Having said that – models are only aware of what you tell them. There are plenty of events – injuries, suspensions, and managerial changes – of which they are blissfully unaware but could play a decisive role in determining the outcome of the season. Identifying what information is relevant – and what is just noise – is probably the biggest challenge in making such predictions.

I will continue to collect, compare, combine and publicize forecasts as the season progresses: follow me on twitter (@eightyfivepoint) if you'd like to see how they evolve.


(This is a piece that I wrote for StatsBomb; I've copied it here.)

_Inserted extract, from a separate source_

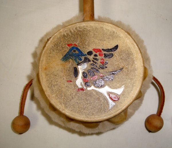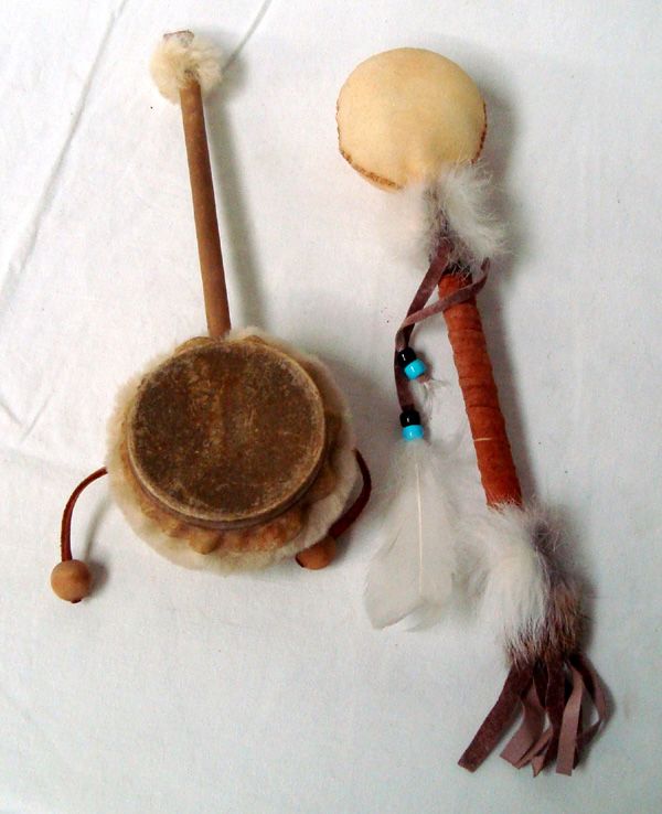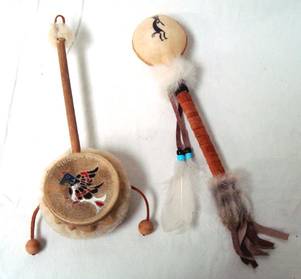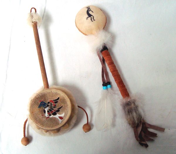 Plains Indian Dance Rattle and Drum, largest is scrotum rattle measuring 11''L, #1 is a scrotum rattle with a handpainted Kokopelli on it, wooden handle wrapped in leather and embellished with feathers, pony beads, and rabbit fur, fringed leather on end #2 is a hand painted drum with a wooden handle, embellished with wool and leather on handle's end, drum has bird painting on head and two beaded beaters on leather embellished with wool as well

Wednesday, 18 January 2017

Poor FA Cup crowds erode home advantage

I was struck by the poor attendances at some of the FA Cup 3rd round matches this month. 17,632 turned up to watch Sunderland vs Burnley, less than half Sunderland’s average home gate this season. It was a similar story at Cardiff vs Fulham, Norwich vs Southampton and Hull City vs Swansea, all of which saw crowds below 50% of their league average this season.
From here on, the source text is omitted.